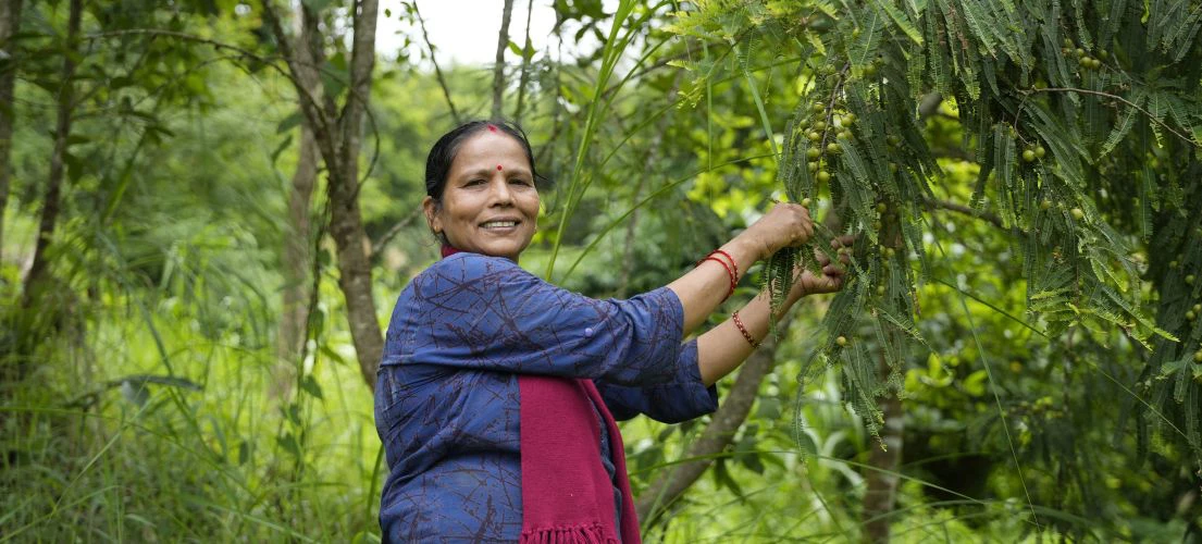 Gita Regmi from Palpa harvests firewood, fodder, leaf litter and fruits from her household’s small private farm. The mix of harvests has helped her earn extra income and improve her household’s well-being.
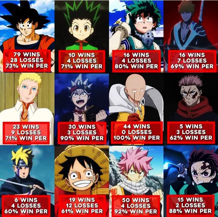 鬼滅やナルトなど各アニメ主人公の”勝率”を表した画像が海外で話題に(海外の反応)
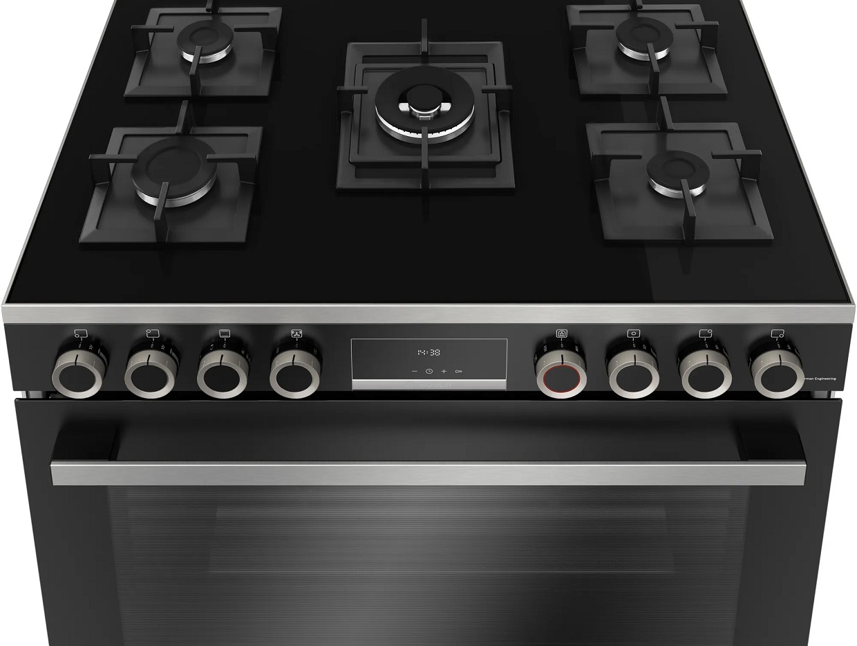 Bosch Cooker, 5 Burners, Stainless Steel, 90 × 60 cm - Black Silver - HJY5G7V69S
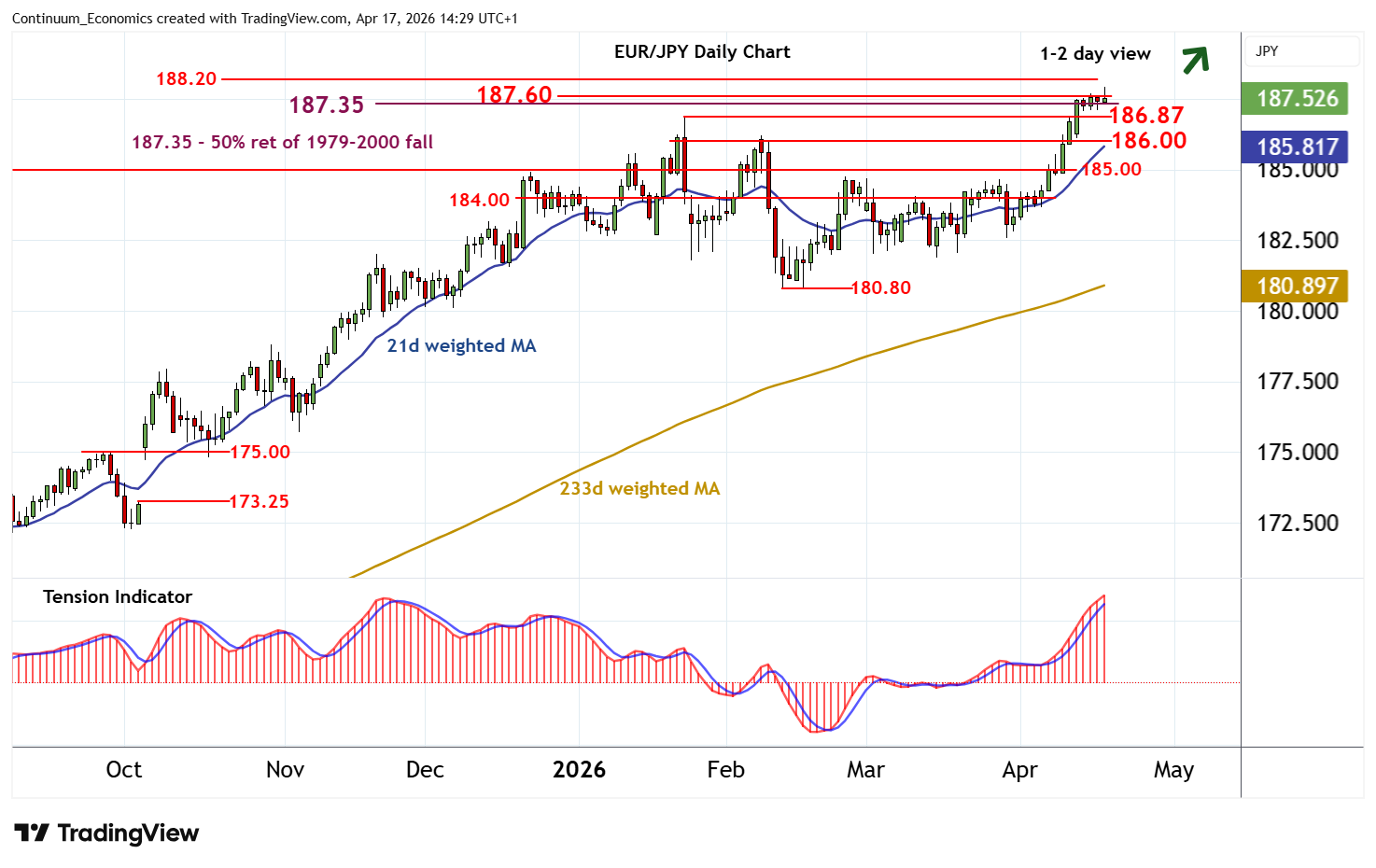 14:15 BST - Consolidation within strong resistance at the 187.35 multi-decade Fibonacci retracement and the 187.60 high of August 1990 has given way to a spike to a fresh year high at 187.95, before falling back to trade around 187.50. Intraday studies are under pressure, highlighting room for a pullback. But mixed/positive daily readings and improving weekly charts should limit scope in renewed buying interest towards the 186.87 monthly high of 23 January. A close beneath here, however, will turn sentiment neutral and give way to consolidation above congestion support at 186.00. Following cautious trade, fresh gains are looked for. Critical resistance is up to the 188.20~ multi-year high of May 1990. A close above here would improve sentiment and confirm continuation of long-term gains.

....................

▶ Instructions for the task:
Set the whole listing down again unchanged, apart from the pictures, which are omitted.

▶ The completed task:
 Gita Regmi from Palpa harvests firewood, fodder, leaf litter and fruits from her household’s small private farm. The mix of harvests has helped her earn extra income and improve her household’s well-being.
 鬼滅やナルトなど各アニメ主人公の”勝率”を表した画像が海外で話題に(海外の反応)
 Bosch Cooker, 5 Burners, Stainless Steel, 90 × 60 cm - Black Silver - HJY5G7V69S
 14:15 BST - Consolidation within strong resistance at the 187.35 multi-decade Fibonacci retracement and the 187.60 high of August 1990 has given way to a spike to a fresh year high at 187.95, before falling back to trade around 187.50. Intraday studies are under pressure, highlighting room for a pullback. But mixed/positive daily readings and improving weekly charts should limit scope in renewed buying interest towards the 186.87 monthly high of 23 January. A close beneath here, however, will turn sentiment neutral and give way to consolidation above congestion support at 186.00. Following cautious trade, fresh gains are looked for. Critical resistance is up to the 188.20~ multi-year high of May 1990. A close above here would improve sentiment and confirm continuation of long-term gains.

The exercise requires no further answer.